Impeachment proceedings against President Joe Biden appear to be one step closer after Speaker of the House Kevin McCarthy suggested on Monday that a GOP probe into the president is "rising to the level of impeachment inquiry."

McCarthy, who leads the Republican majority in the House of Representatives, told Fox News' Sean Hannity that Biden had not been truthful about his involvement with his son Hunter Biden's business dealings.

His comments come after The New York Post reported that a former business partner of Hunter Biden's, Devon Archer, is expected to testify before the House Oversight Committee that Hunter Biden put his father on speakerphone during business calls on multiple occasions.

The White House has repeatedly denied that Biden had any involvement with his son's business dealings.

Joe Biden Speaks at the White House
President Joe Biden gives remarks on Artificial Intelligence in the Roosevelt Room at the White House on July 21, 2023 in Washington, DC. Biden may be a step closer to facing impeachment in the House of Representatives. Anna Moneymaker/Getty Images

"When Biden was running for office, he told the public he has never talked about business. He said his family has never received a dollar from China, which we prove is not true," McCarthy told Hannity on Monday night.

The speaker mentioned two IRS whistleblowers who have alleged that the Department of Justice (DOJ) has given favor to the Biden family while unfairly targeting conservatives.

He also mentioned shell companies which were allegedly used to funnel foreign funds to the Biden family.

"We've only followed where the information has taken us. But Hannity, this is rising to the level of impeachment inquiry, which provides Congress the strongest power to get the rest of the knowledge and information needed," McCarthy said.

He went on: "Because this president has also used something we have not seen since Richard Nixon: Use the weaponization of government to benefit his family and deny Congress the ability to have the oversight."

Ian Sams, White House spokesperson for oversight and investigations, responded to McCarthy's comments on Twitter.

"Instead of focusing on the real issues Americans want us to address like continuing to lower inflation or create jobs, this is what the @HouseGOP wants to prioritize. Their eagerness to go after @POTUS regardless of the truth is seemingly bottomless," Sams wrote.

Newsweek has reached out to the White House via email for further comment.

White House press secretary Karine Jean-Pierre also reiterated earlier on Monday that Biden had no involvement with his son's business affairs.

"I've been asked this question a million times. The answer is not going to change," Jean-Pierre said at a press briefing. "The answer remains the same. The president was never in business with his son. I just don't have anything else to add."

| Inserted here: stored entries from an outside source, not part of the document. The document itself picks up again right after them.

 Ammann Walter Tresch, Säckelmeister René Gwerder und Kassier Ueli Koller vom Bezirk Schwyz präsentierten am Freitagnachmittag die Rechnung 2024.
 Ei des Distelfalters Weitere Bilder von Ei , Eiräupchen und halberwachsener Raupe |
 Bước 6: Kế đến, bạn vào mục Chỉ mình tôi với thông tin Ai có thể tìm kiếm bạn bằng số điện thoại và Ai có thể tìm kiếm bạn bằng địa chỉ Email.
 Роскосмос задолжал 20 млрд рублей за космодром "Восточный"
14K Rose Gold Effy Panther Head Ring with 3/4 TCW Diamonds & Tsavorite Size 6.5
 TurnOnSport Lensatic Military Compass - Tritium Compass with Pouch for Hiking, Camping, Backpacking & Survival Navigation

Political scientists who spoke to Newsweek about a potential Biden impeachment in May argued that any move to impeach the president would be aimed at pleasing the Republican Party base.

"The hard-core, MAGA-oriented, constituency base of the Republican Party believes that the two impeachments of former president Donald Trump were partisan 'witch hunts,' without legitimate justification, and hankers for retaliation," Paul Quirk, a political scientist at the University of British Columbia in Canada, told Newsweek.

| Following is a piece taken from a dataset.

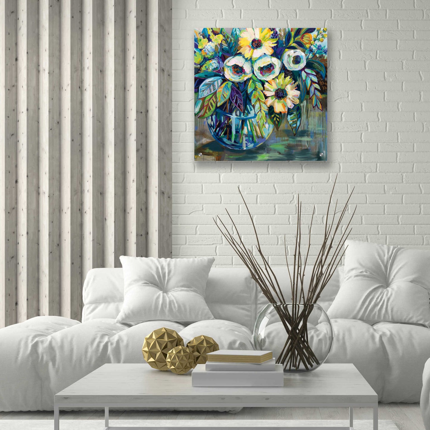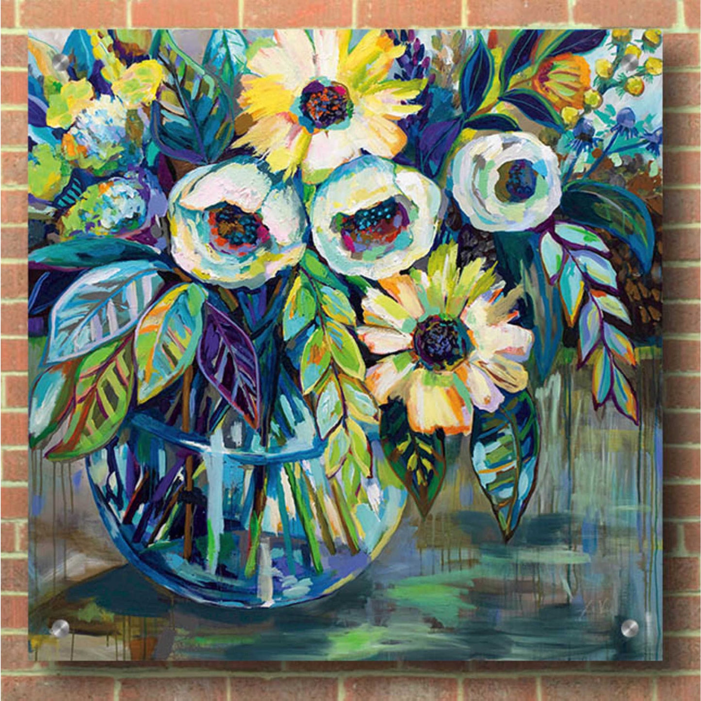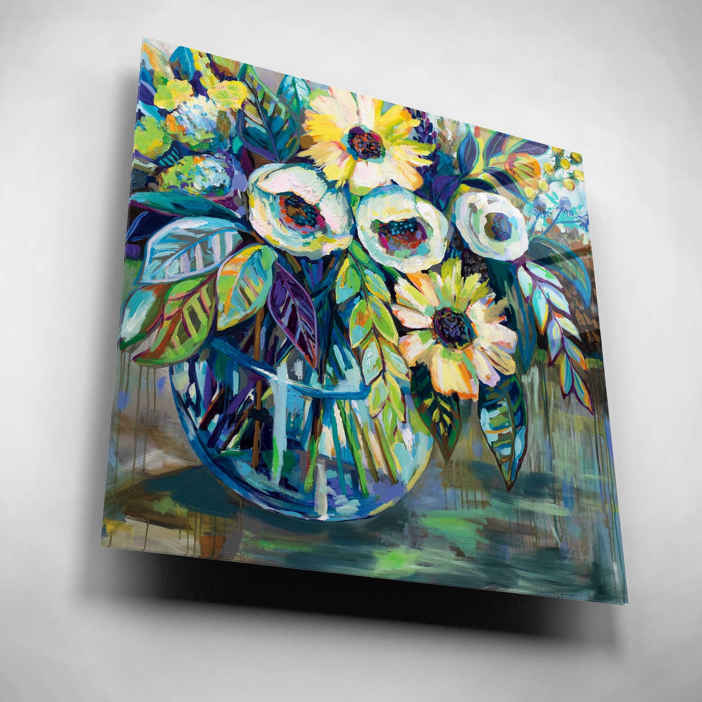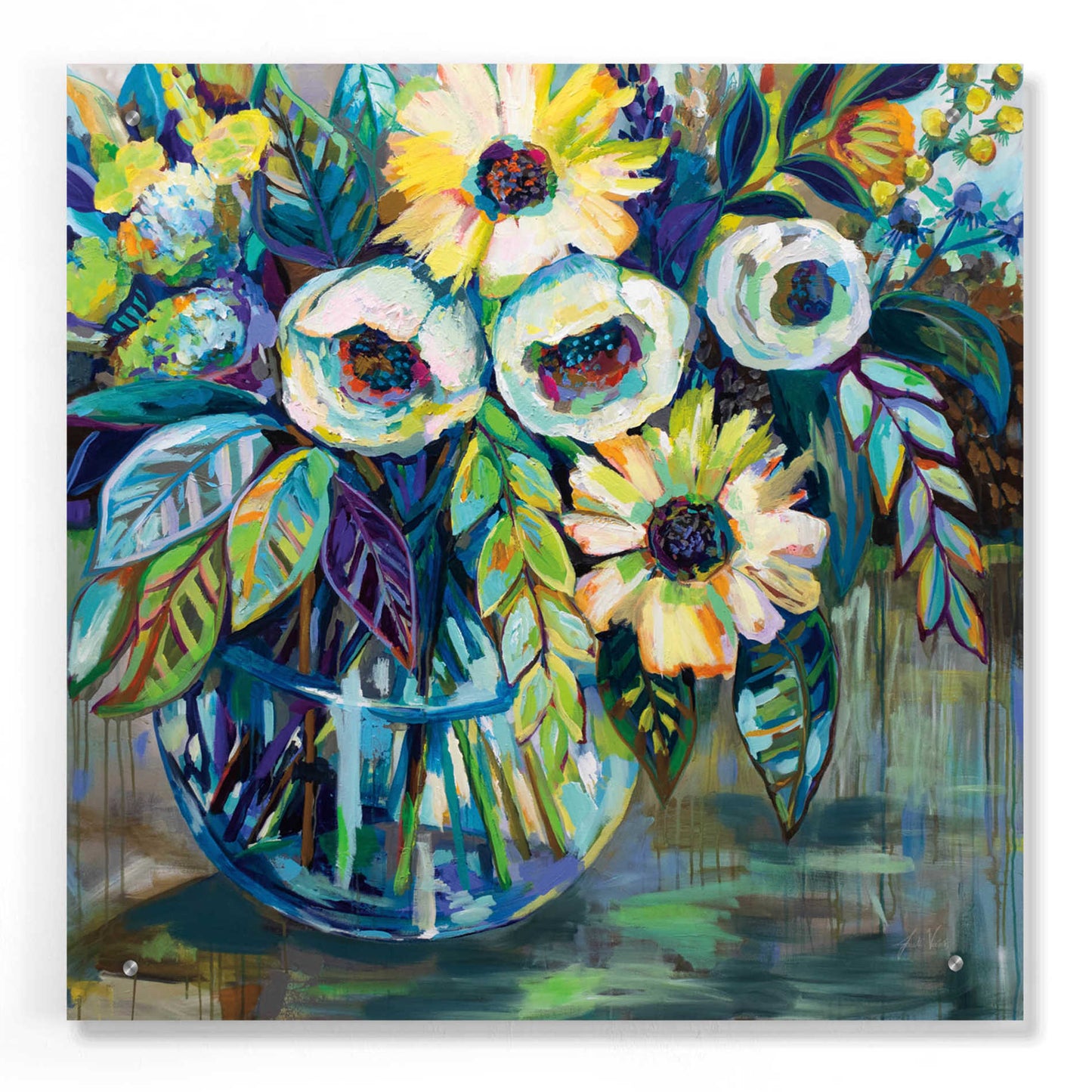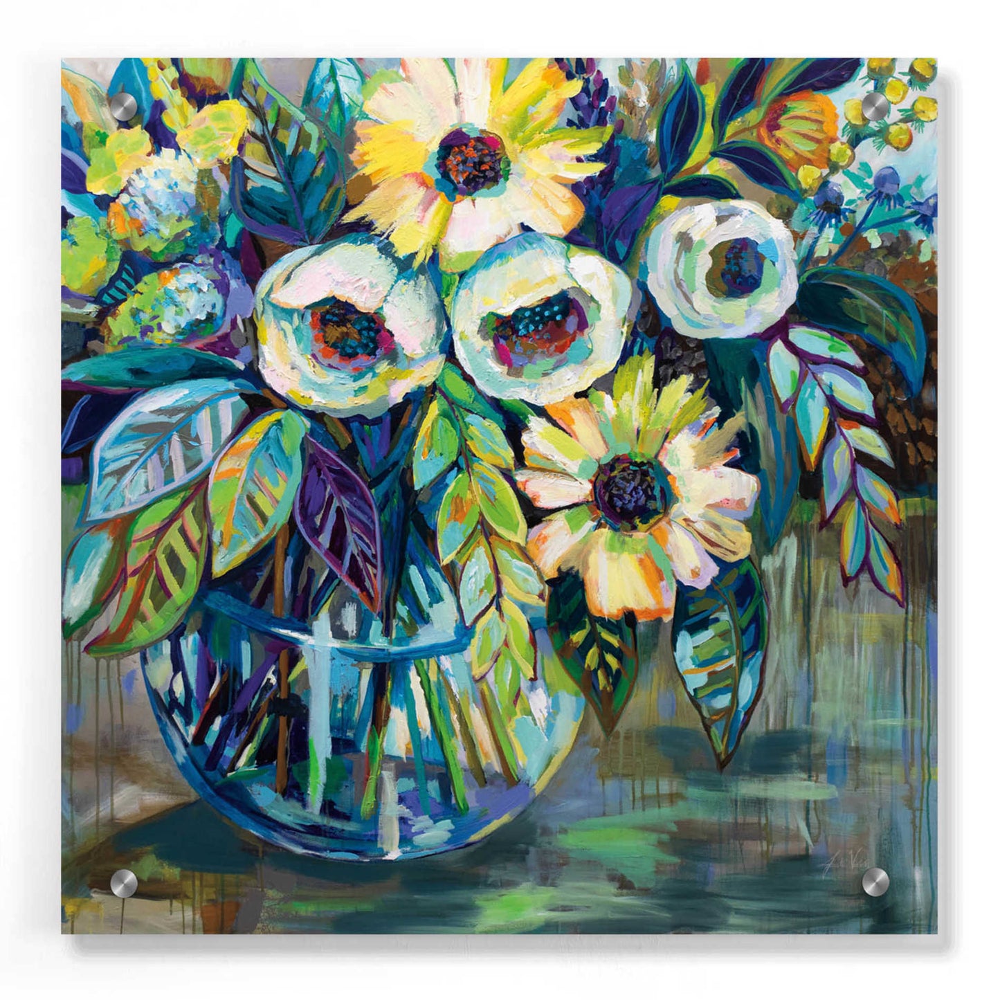 "Blue Light" by Jeanette Vertentes. Jeanette's contemporary paintings pay homage to North Stonington, Connecticut, where she lives with her dogs and gardens. She adds each artwork vibrancy with the use of color, texture, movement and bold compositions. As a child, she trained under the painter John Lutes. She earned a Bachelor of Fine Art with a concentration in painting from Rhode Island College. You can find Jeanette's work displayed throughout spring and summer. She teaches throughout the winter and works on commissions worldwide. Acrylic wall art looks amazing in your home or business. Printed on the back of the acrylic giving it depth and easy maintenance. The highly durable and hard-to-damage qualities make high definition acrylic the ideal wall art for hotels, rental properties, and restaurants. Now Epic Art brings you unmatched value in contemporary wall decor for your home as well. From small sizes to extra large sizes, it is easy to hang, won't shatter like glass if it ever falls down, and is easy to maintain. Simply dust it off or use a damp soft cloth for cleaning.

"The idea is essentially, 'the Democrats impeached Trump, so we should impeach Biden,'" he added.

The move could also carry risks for Republicans, however.

"Republicans need to tread carefully with impeachment talk, as it has a huge potential to backfire," Thomas Gift, founding director of University College London's Centre on U.S. Politics, told Newsweek.

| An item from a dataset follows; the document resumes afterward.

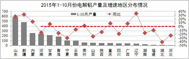 發(fā)稿時間:2015-12-09市場供給方面:產(chǎn)能方面,10月全國電解鋁建成產(chǎn)能約3800萬噸,運行產(chǎn)能3086萬噸,開工率為81.3%;產(chǎn)量方面,10月電解鋁產(chǎn)量259萬噸,同比增長9.8%,累計同比增長4.8%,其中:山東、新疆、內(nèi)蒙、河南等省份全國產(chǎn)量占比65%。截至11月18日,電解鋁合計減產(chǎn)389萬噸,占國內(nèi)總產(chǎn)能的10.3%,其影響效果將于2016年第二季度得到體現(xiàn)。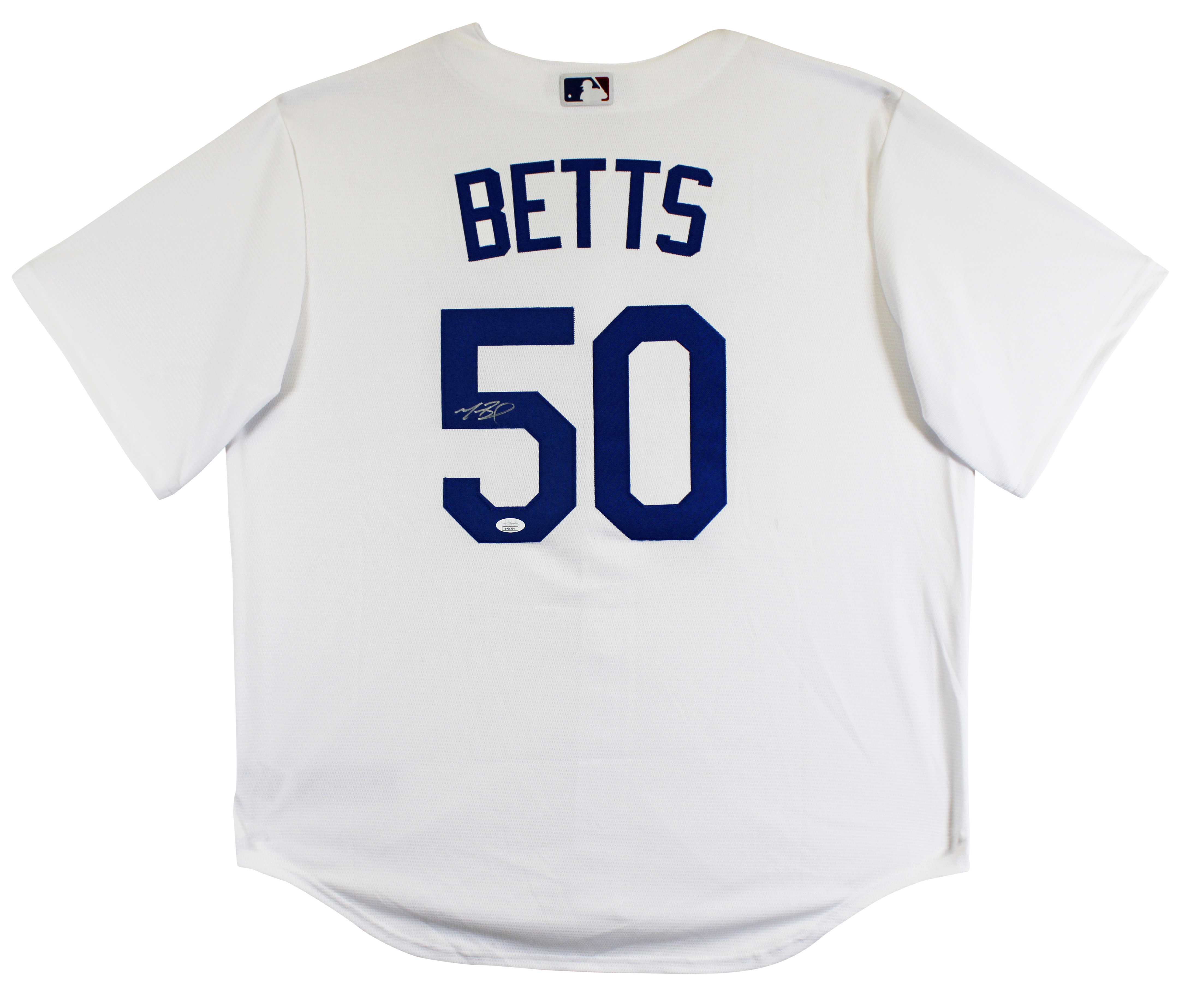 This Autographed White Nike Jersey has been Personally Signed by Mookie Betts of the Los Angeles Dodgers. This item is 100% Authentic to include a Certificate of Authenticity (COA) / hologram by JSA. We conducted an autograph signing with Mookie Betts where multiples of the same item were signed. While the photographs are representative of this item, the size, placement and strength of the signature may vary. Each item is hand signed, therefore, each autograph is unique. This item can be verified through JSA. This is a X-Large sized Jersey.

"Defenders will say that Democrats already weaponized impeachment under Trump, and so taking on Biden is well within the bounds of the GOP House majority," he said. "But a big risk is that the maneuver would be seen for what it is: petty, overtly partisan, and a distraction from delivering on policy promises for the American people."

"All of that could enable Biden his own opportunity to take a page out of Trump's playbook and cry 'witch hunt,'" Gift added.

If House Republicans move to impeach Biden, they are likely to follow the example set by Democrats during both of Trump's impeachments.

Quirk told Newsweek that if at some point "House Republicans decide to initiate a formal impeachment investigation, it will presumably begin with closed-door proceedings—staff research, interviewing and deposing of witnesses, and miscellaneous sleuthing—in the Judiciary Committee."

"If they follow the example of the Democrats' procedures in the Trump impeachments, the committee will not hold public hearings unless and until it has developed credible evidence of one or more impeachable offenses—supporting charges that appear likely to gain virtually unanimous agreement in the party and to be taken seriously by mainstream media," he said.